Plus une école en France n'ignore aujourd'hui ce qu'est le Printemps des Poètes. Auquel, à notre connaissance, la plupart des établissements s'efforcent de participer. A la hauteur de leurs ambitions, certes. A la mesure de leurs moyens.

Tout le monde ne sait peut-être pas encore cependant que l'Association que dirige Jean-Pierre Siméon et dont l'action déborde largement le cadre de cette manifestation annuelle vient de perdre en deux ans la majeure partie de la subvention que lui accordait jusque là le Ministère de l'Education Nationale. L'obligeant à se séparer de 2 de ses salariés. Sur les cinq existant.
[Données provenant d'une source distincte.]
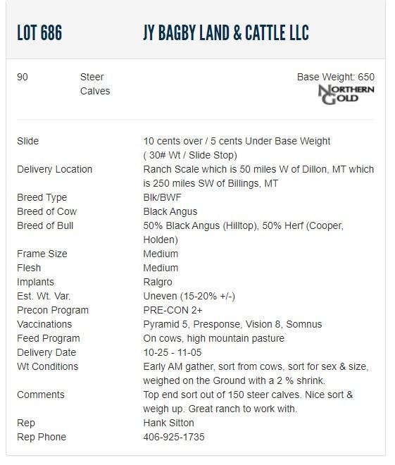 JY Bagby Land & Cattle LLC - 90 Steers; Base Weight: 650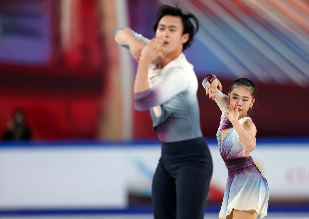 10月25日,中國組合張嘉軒(右)/黃一航在自由滑比賽中。最終,他們獲得雙人滑比賽第四名。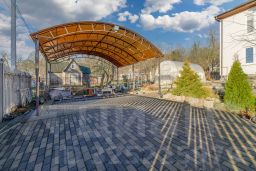 Удобные подъездные пути к дому, откатные ворота. Тротуарной плиткой выложена парковка на два автомобиля, дорожки к дому, в саду. Над парковочным местом сооружён навес.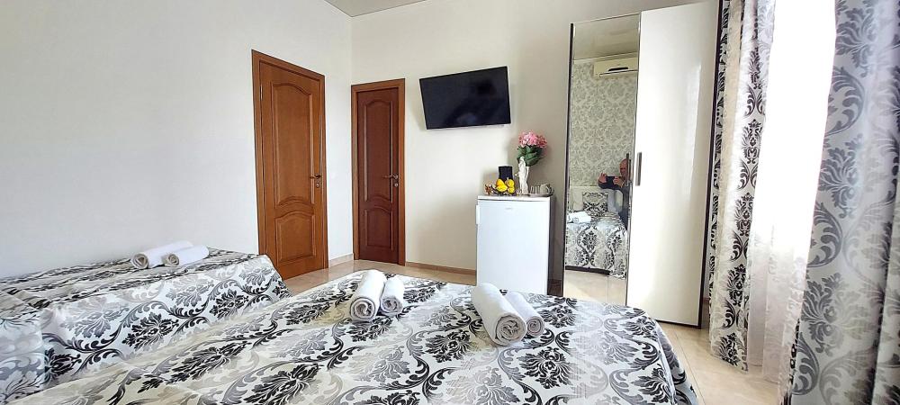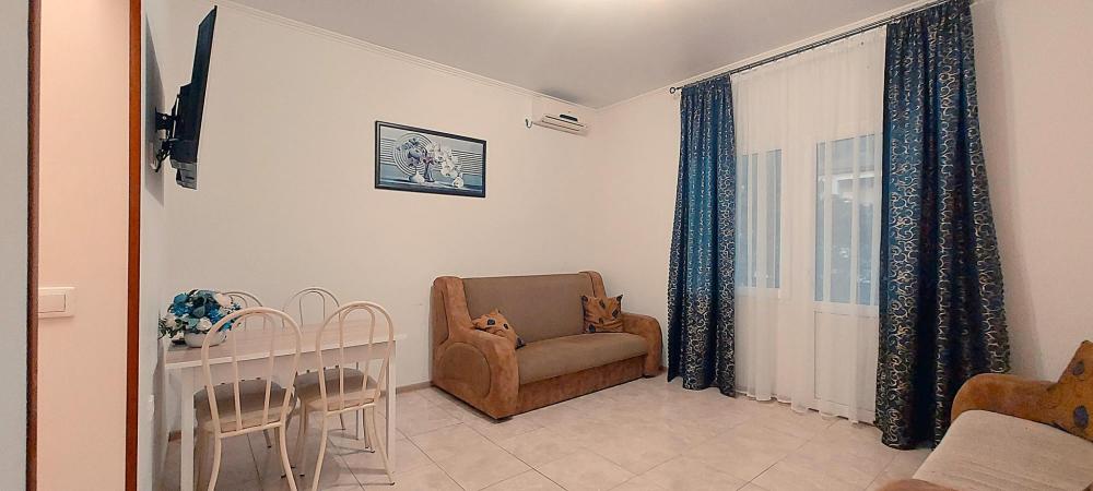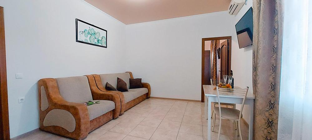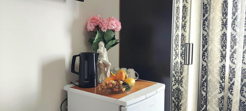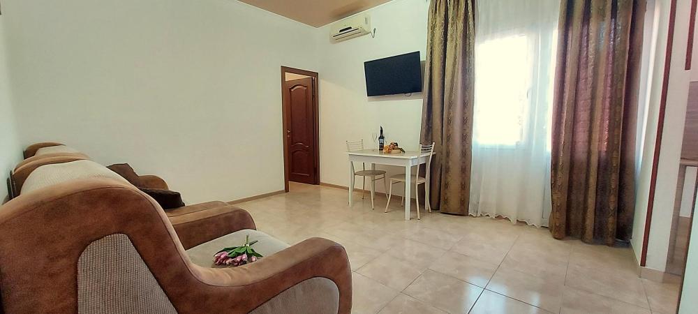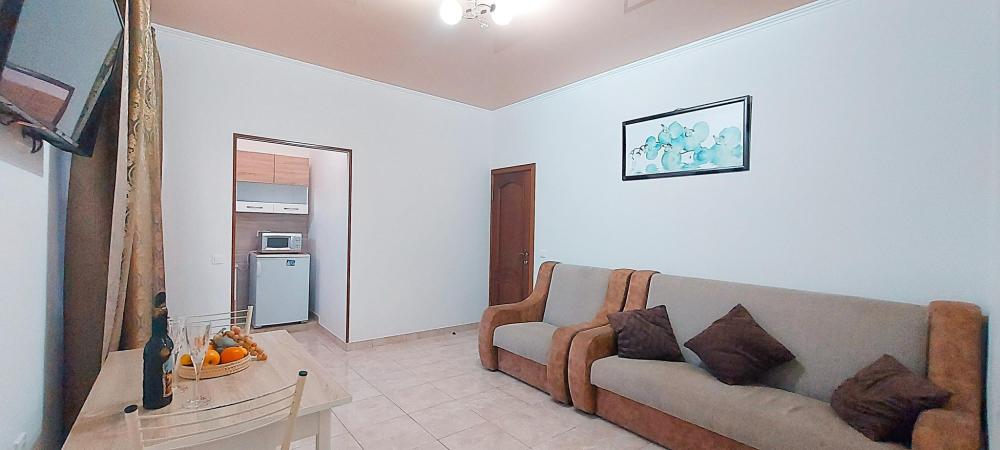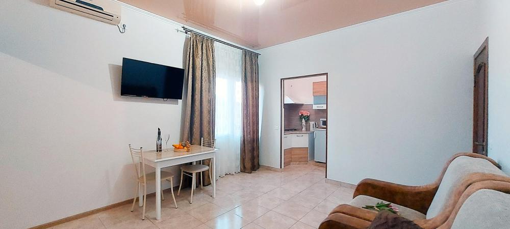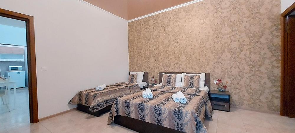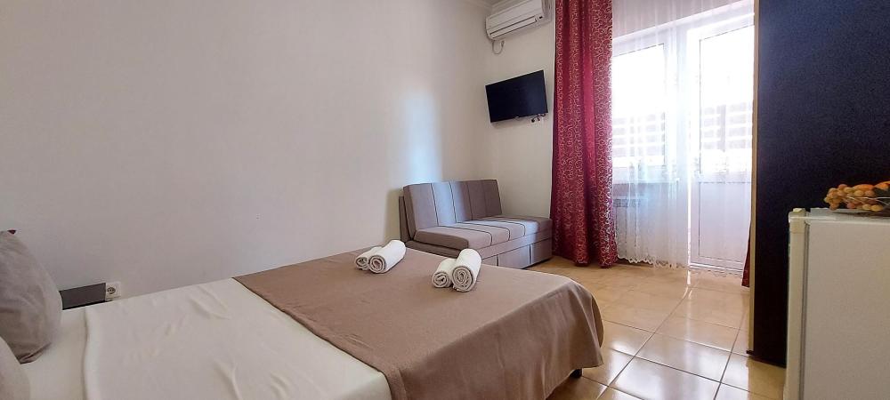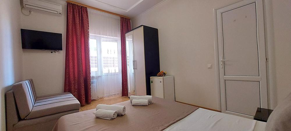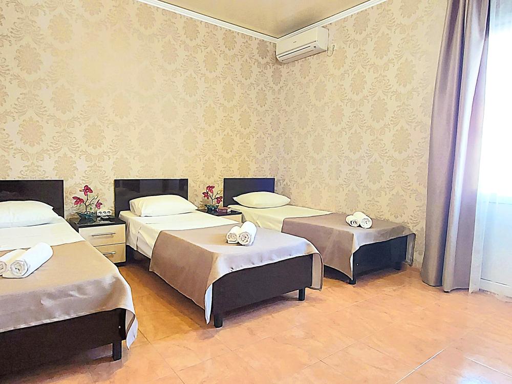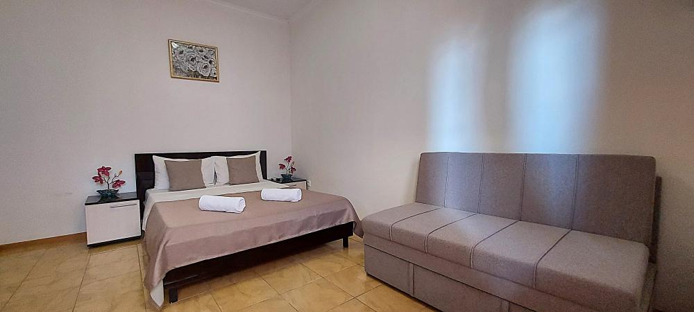 Семейный номер – это идеальный выбор для совместного путешествия с близкими. Двуспальная кровать обеспечит крепкий и спокойный сон после насыщенного активного дня, а удобный диван можно использовать как дополнительное спальное место или зону для отдыха. В отделке номера используются натуральные тёплые тона, а в интерьере - экостиль. Здесь уютно разместятся 3 взрослых человека, а при необходимости – двое взрослых с двумя детьми. В вашем распоряжении телевизор, кондиционер, бесплатный Wi-Fi и мини-холодильник, чтобы вы могли наслаждаться всеми привычными удобствами даже вдали от дома. Почувствуйте домашний уют и комфорт в наших семейных номерах.

Nous ne sommes pas au Ministère et reconnaissons aisément que cela ne doit pas être drôle tous les jours de gérer cette immense et paralysante machine dont tous les mécanismes aujourd'hui auraient bien besoin, si l'on en croit les rapports nationaux et internationaux, d'une révision complète.

Toutefois lorsque l'on voit comment, avec quelle "rage de la transmission", en l'espace d'une seule après-midi, Jean-Pierre Siméon, invité à témoigner de l'importance de la poésie dans le monde actuel, parvient, devant des élèves de Terminales de Calais, à redonner sens à un genre que les exercices scolaires ont passablement affadi, pour ne pas dire rendu quelquefois rebutant, on ne peut manquer de se désoler de voir notre Ministère décourager par son attitude la mission que l'équipe du Printemps des Poètes s'est donnée. Et qu'elle accomplit si bien.
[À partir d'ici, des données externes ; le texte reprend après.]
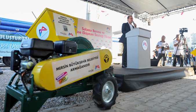 Anamur Tropikal Meyve Üretim ve Pazarlama, S.S Anamur Muz Üreticileri Tarımsal Kalkınma Kooperatifleri, Anamur Yaş Sebze ve Meyve Komisyoncuları Derneği ve Bozyazı’da faaliyet yürüten DOKUDER’e 1’er adet muz dal parçalama makinesi teslim edilen törende; Anamur Anıtlı ve Güneybahşiş mahallelerine toplam 1.404 metre ve Bozyazı Kızılca Mahallesine de 1.404 metre HDPE sulama borusu verildi. Ayrıca Anamur’da 8, Bozyazı’da da 4 mahalleye hamur yoğurma makinesi dağıtıldı.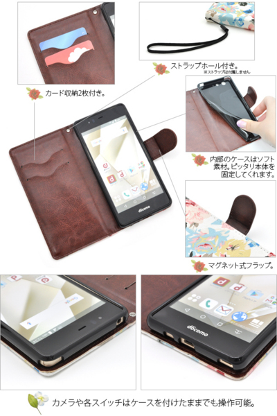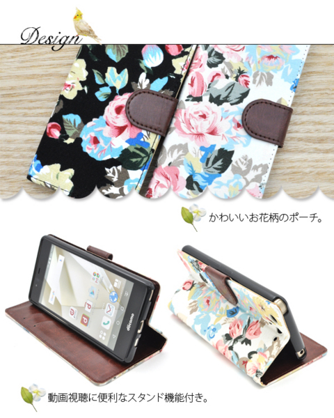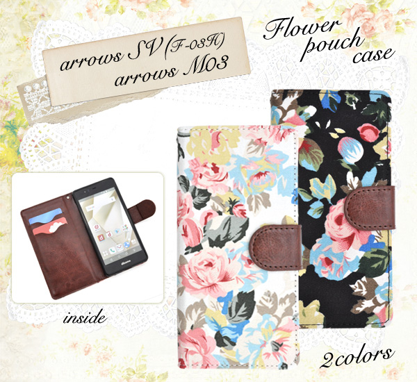 arrows SV (F-03H)/arrows M03用のエレガントなフラワーポーチケース。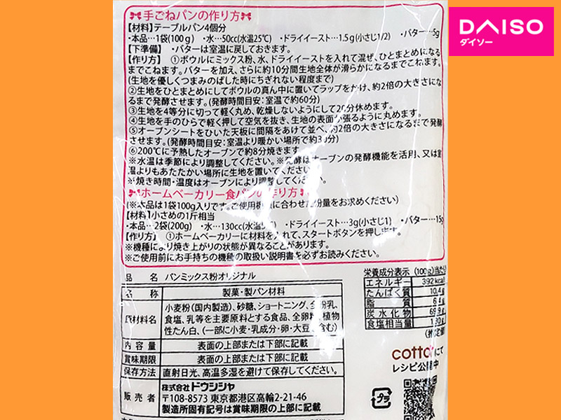 ダイソー/パン ミックス粉《プレーン》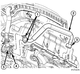 48. Remove the upper radiator hose (5) from the coolant outlet connector (4).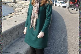 Robe verte Zara, Echarpe et legging H&M et Bottes du chinois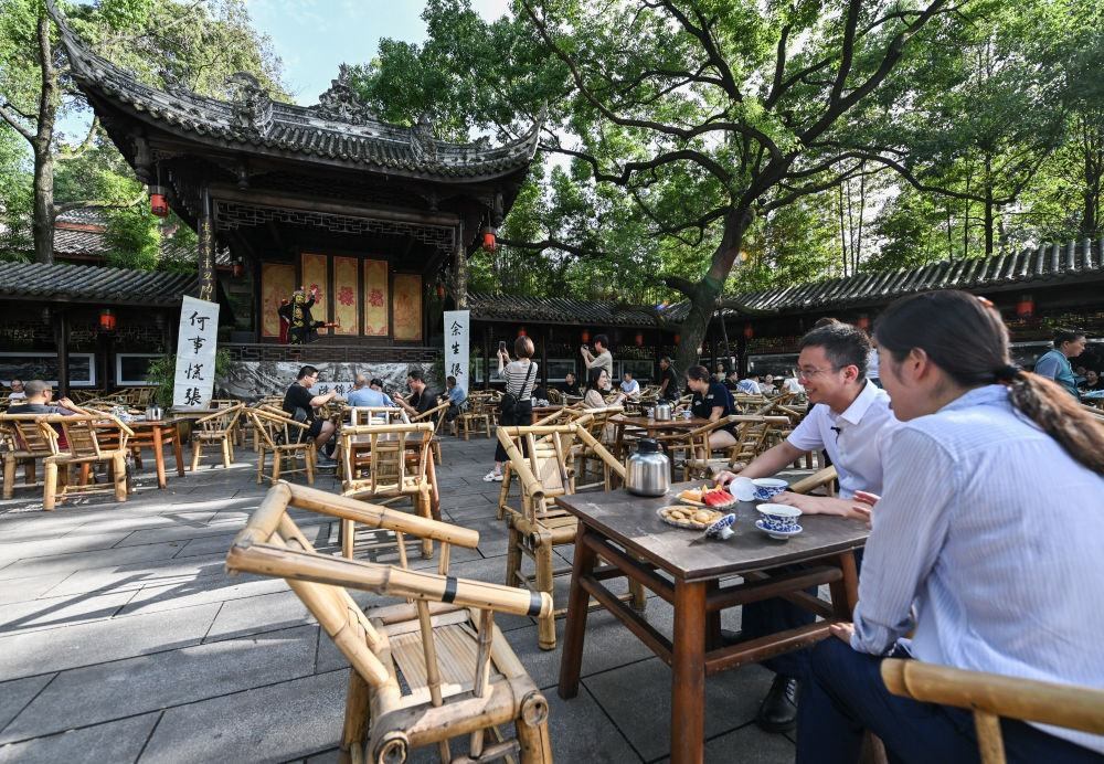7月14日,在成都高新區(qū)鐵像寺水街,游客在茶鋪體驗當(dāng)?shù)靥厣w碗茶。新華社記者 王曦 攝

Insistant brillamment sur le fait que si la poésie peut être, d'un point de vue littéraire, l'objet d'un savoir scolaire transmissible, elle n'est pas que cela mais représente avant tout, pour reprendre les termes du poète Georges Perros, une manière d'être, d'habiter et de s'habiter soi-même, Jean-Pierre Siméon a fait comprendre à chacun que la fonction première de l'école n'est pas seulement d'apporter des connaissances mais d'en communiquer le désir, d'en transmettre le sens. Dans un esprit d'ouverture, de curiosité, d'invention. De partage aussi. Bref, tout ce dont notre cher et vieux pays, un peu raide, a besoin pour faire face, aujourd'hui, aux défis de demain.

Il nous aura suffi d'entendre les réactions enthousiastes des élèves à l'issue de la rencontre et leur désir de voir renouveler ce type d'intervention, pour comprendre combien il est urgent que le Ministère de l'Education Nationale, dont nous ne voulons pas désespérer, revoie certaines de ses priorités.